==== THE DATA ====
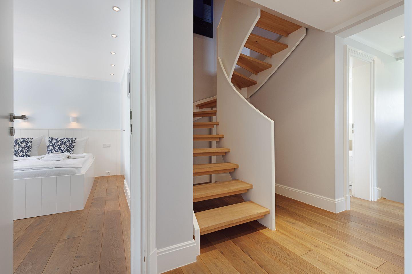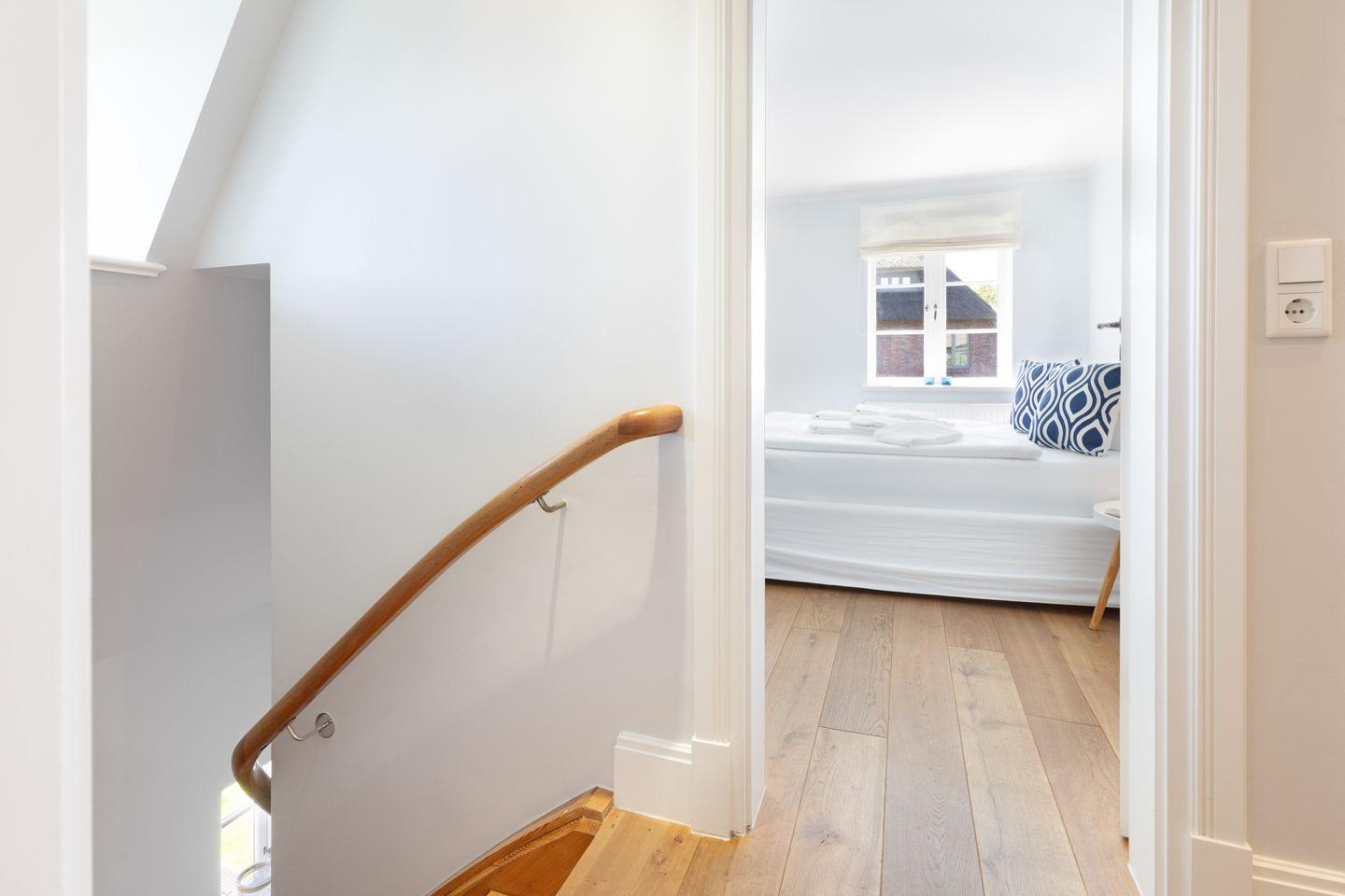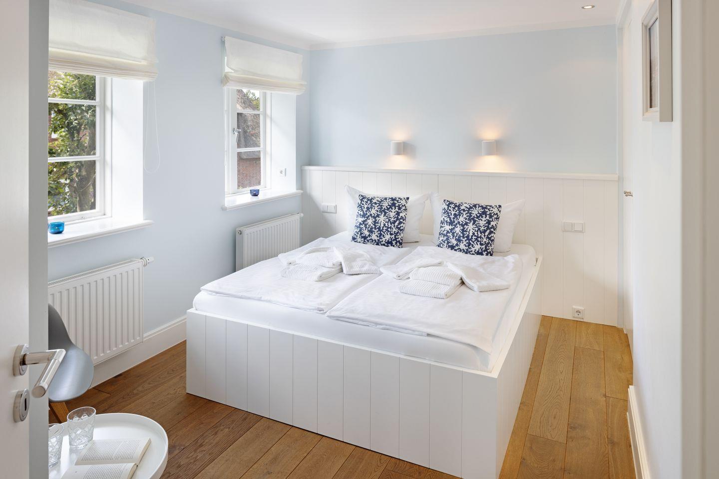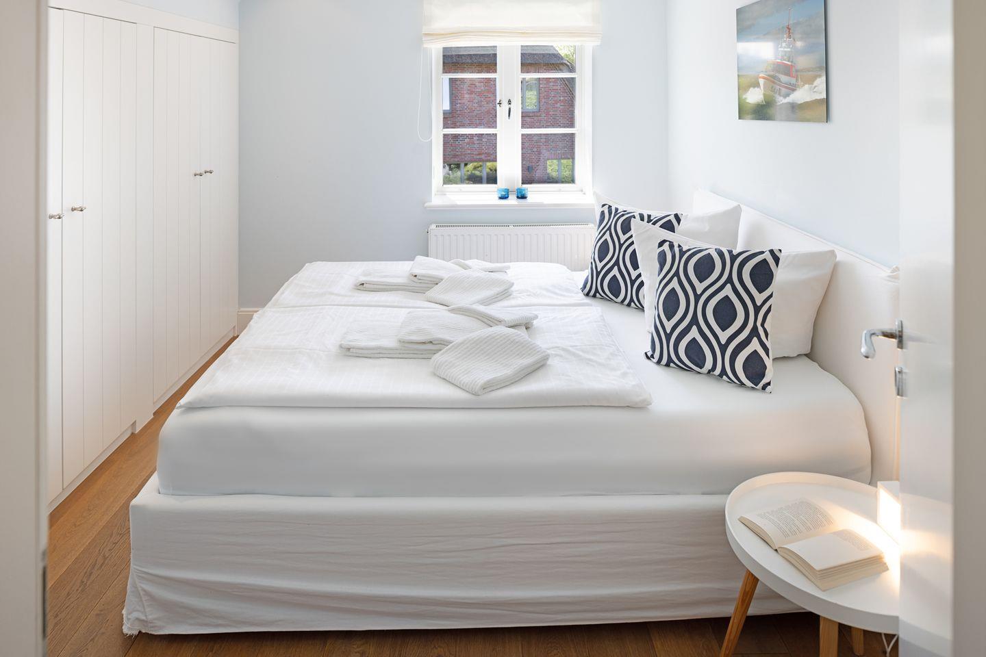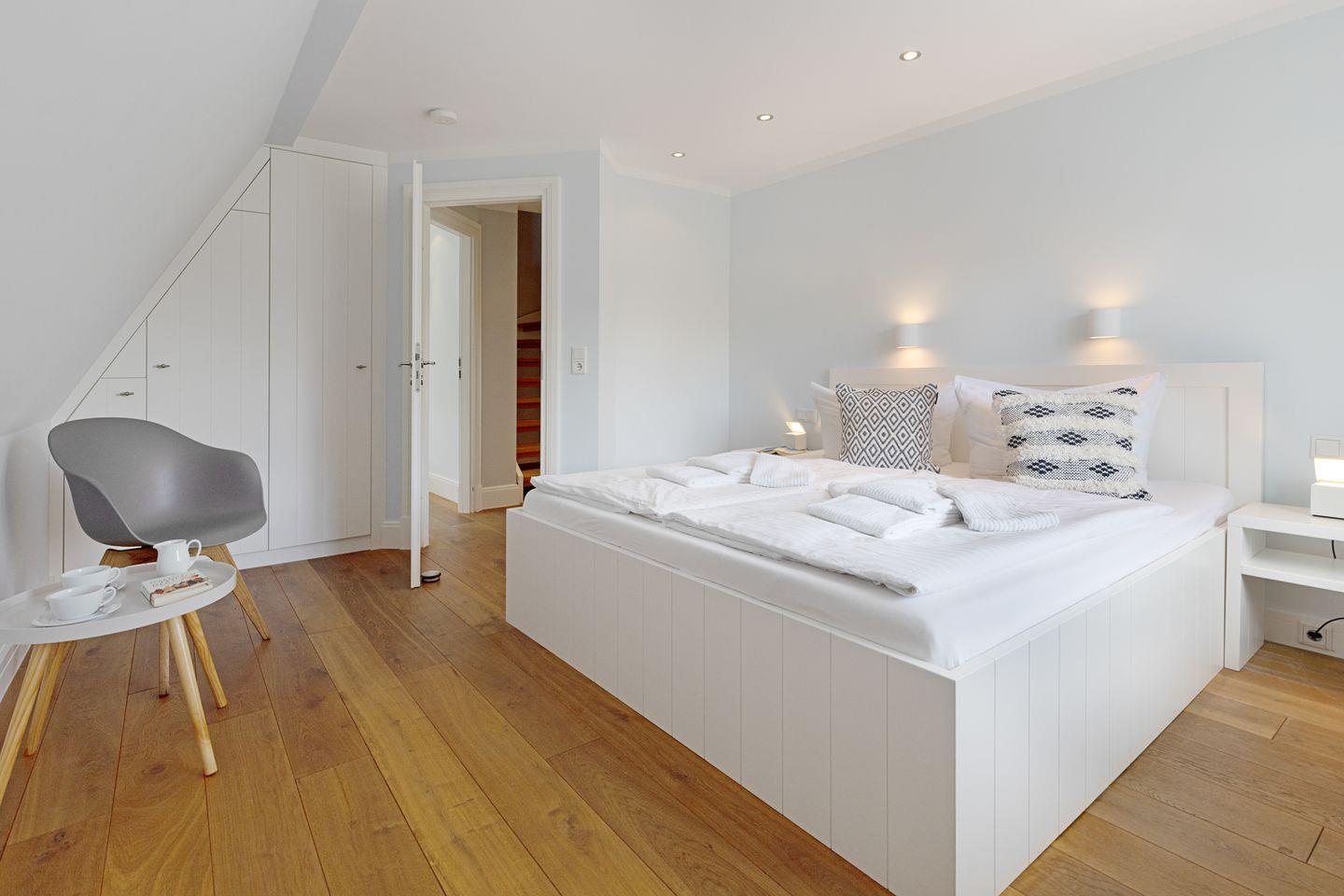 Nordisch moderne Behaglichkeit erwartet sie auch in den geräumigen Schlafzimmern und Bädern im Obergeschoss mit Blick auf die reetgedeckte Nachbarschaft. Zwei Schlafzimmer verfügen über Smart TVs. Der Saunabereich im Untergeschoß lädt sie zum Erholen ein.
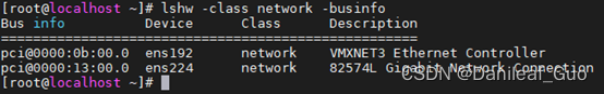 不知道大家注意到没有,我们在查看主机网卡的主线信息时,后面的描述信息是不一样的,可以理解为是主机的网卡信息,一个是VMXNET3类型,另一个是82574L类型。
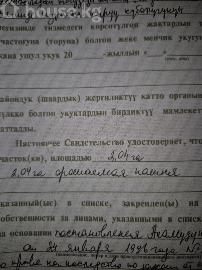 🏡 Продаю земельный участок — 3 гектара (300 соток) 📍 Местоположение: с. Чокморов (Чон-Таш), недалеко от г. Бишкек 📞 Телефон: 0222 88 22 73 📌 Основная информация: Площадь участка: 3 гектара (300 соток) Назначение: Для сельского хозяйства (орощаемое) Тип сделки: Наличный расчет Документы: Договор купли-продажи Собственник: Продаю без посредников 💧 Преимущества участка: Ровный, орошаемый участок С поливом проблем нет Удобный подъезд, рядом с Бишкеком Отлично подходит для сельхозпроизводства, теплиц, сада и т.д. 💰 Цена: 40 000 $ за гектар 📉 Возможен торг
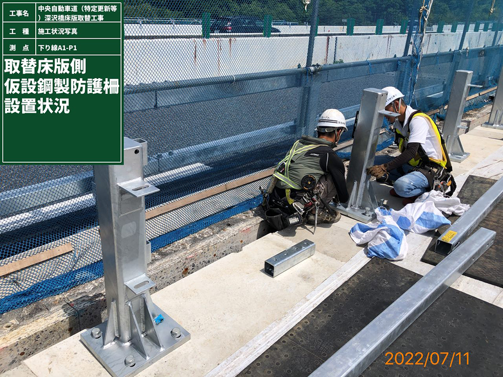 末吉 深沢橋については、半断面施工にて床版取替を実施しており、床版取替をしている車線と供用車線の間にコンクリート製のフロリダ製壁高欄を設置できるスペースがない状況です。そこで、1期(先行)施工の時は、既設床版に貫通用アンカー等を設けベースプレートタイプの仮設鋼製防護柵(SB種)※(支柱の幅150mm、ボックスビームの幅150mmの計300mm)を設置することで、半断面施工に必要な幅員を確保しています。2期施工時は、1期施工の新設のプレキャスト床版の内部にアンカープレートを埋込むなど、ベースプレートタイプの防護柵を固定できるような細工を予めしておき、鋼製防護柵を設置することで1期施工同様、必要な幅員を確保しています。
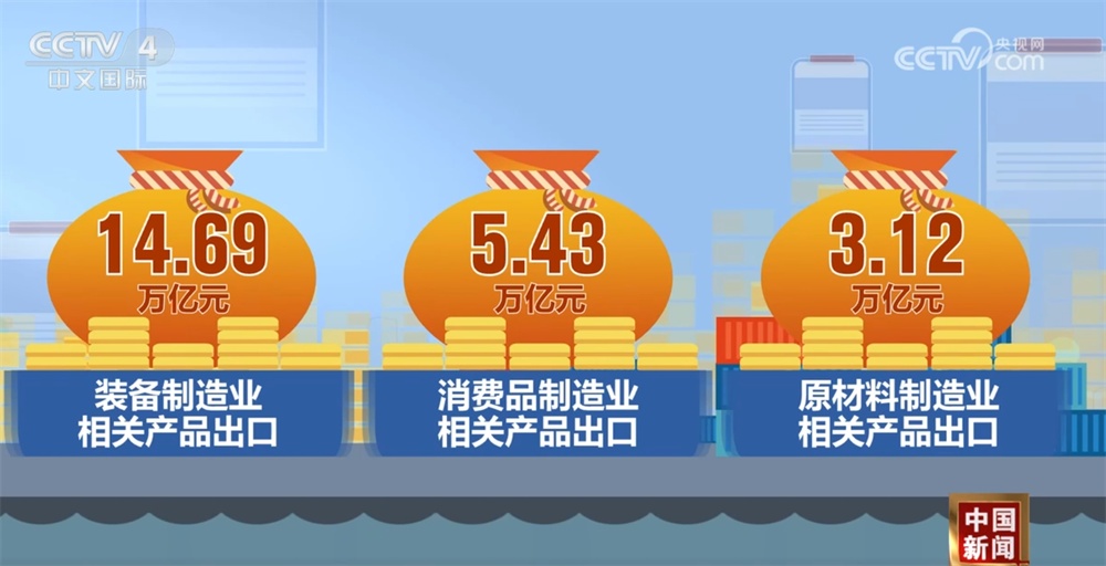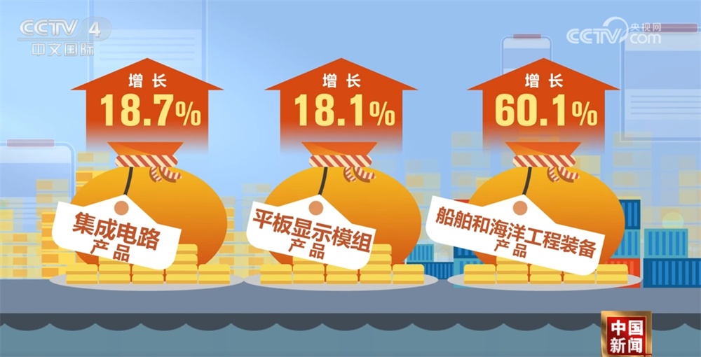 2024年中国对外贸易亮点不断涌现:中国是全球制造业第一大国,也是制造业第一大出口国。2024年,制造业占中国出口总值的98.9%,装备制造业、消费品制造业、原材料制造业相关产品分别出口14.69万亿元、5.43万亿元、3.12万亿元。其中,集成电路、平板显示模组、船舶和海洋工程装备等产品分别增长18.7%、18.1%、60.1% ,尤其是代表“大国重器”的高端制造业——大型船舶制造和出口表现亮眼。
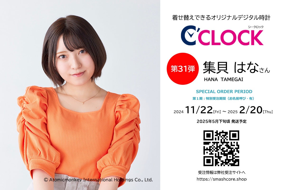 【Bluetooth対応にパワーアップ!】声優さんごとにデータの着せ替えが可能なデジタル時計「C'CLOCK」第31弾は集貝はなさん!11月22日よりスマッシュコアで受注開始!
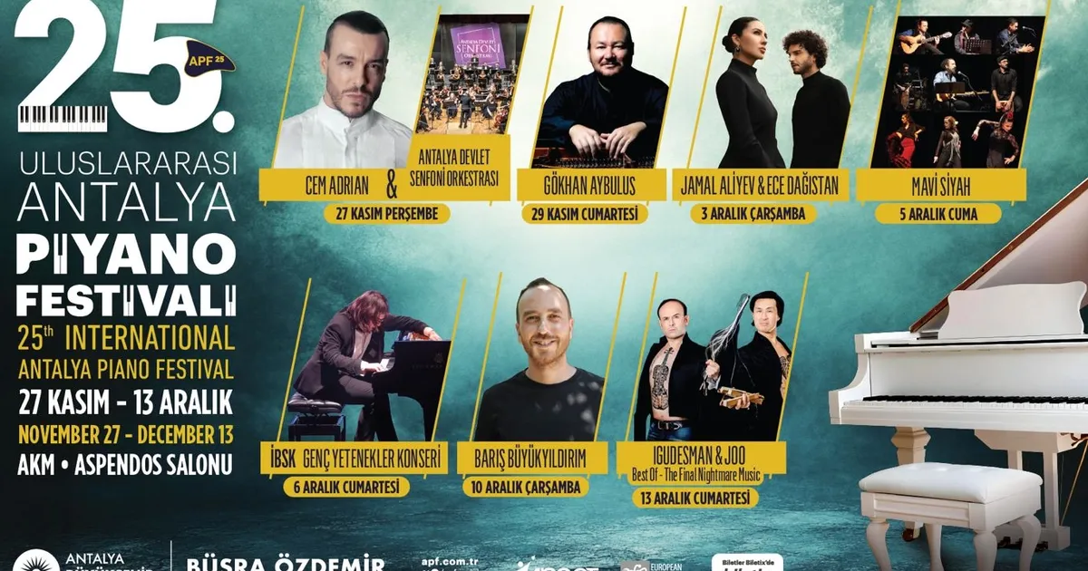 Türkiye’nin en önemli kültür-sanat etkinliklerinden biri olan Uluslararası Antalya Piyano Festivali, bu yıl 25’inci kez müzikseverlerle buluşacak. Piyano Festivali’nin açılışı 27 Kasım Perşembe günü Antalya Atatürk Kültür Merkezi (AKM) Aspendos Salonu’nda, Türk müziğinin güçlü ve büyüleyici seslerinden biri olan Cem Adrian ve Antalya Devlet Senfoni Orkestrası konseri ile gerçekleşecek.
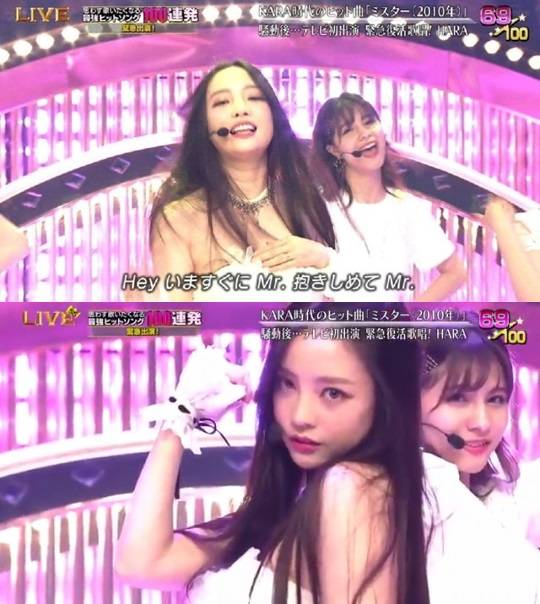 최근 일본 프로덕션 오기와 전속계약을 맺고 일본 활동의 시작을 알리기도 했던 구하라는 이날 방송에서 흰색 의상을 입고 '미스터'를 불렀다.
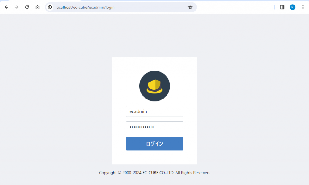 管理画面ログインIDは「ecadmin」
====
- TASK BRIEF -
Copy verbatim the span that opens at the line with "2024年中国对外贸易亮点不" and closes at the final line of the listing. Do not carry over any pictures.

- TASK RESPONSE -
 2024年中国对外贸易亮点不断涌现:中国是全球制造业第一大国,也是制造业第一大出口国。2024年,制造业占中国出口总值的98.9%,装备制造业、消费品制造业、原材料制造业相关产品分别出口14.69万亿元、5.43万亿元、3.12万亿元。其中,集成电路、平板显示模组、船舶和海洋工程装备等产品分别增长18.7%、18.1%、60.1% ,尤其是代表“大国重器”的高端制造业——大型船舶制造和出口表现亮眼。
 【Bluetooth対応にパワーアップ!】声優さんごとにデータの着せ替えが可能なデジタル時計「C'CLOCK」第31弾は集貝はなさん!11月22日よりスマッシュコアで受注開始!
 Türkiye’nin en önemli kültür-sanat etkinliklerinden biri olan Uluslararası Antalya Piyano Festivali, bu yıl 25’inci kez müzikseverlerle buluşacak. Piyano Festivali’nin açılışı 27 Kasım Perşembe günü Antalya Atatürk Kültür Merkezi (AKM) Aspendos Salonu’nda, Türk müziğinin güçlü ve büyüleyici seslerinden biri olan Cem Adrian ve Antalya Devlet Senfoni Orkestrası konseri ile gerçekleşecek.
 최근 일본 프로덕션 오기와 전속계약을 맺고 일본 활동의 시작을 알리기도 했던 구하라는 이날 방송에서 흰색 의상을 입고 '미스터'를 불렀다.
 管理画面ログインIDは「ecadmin」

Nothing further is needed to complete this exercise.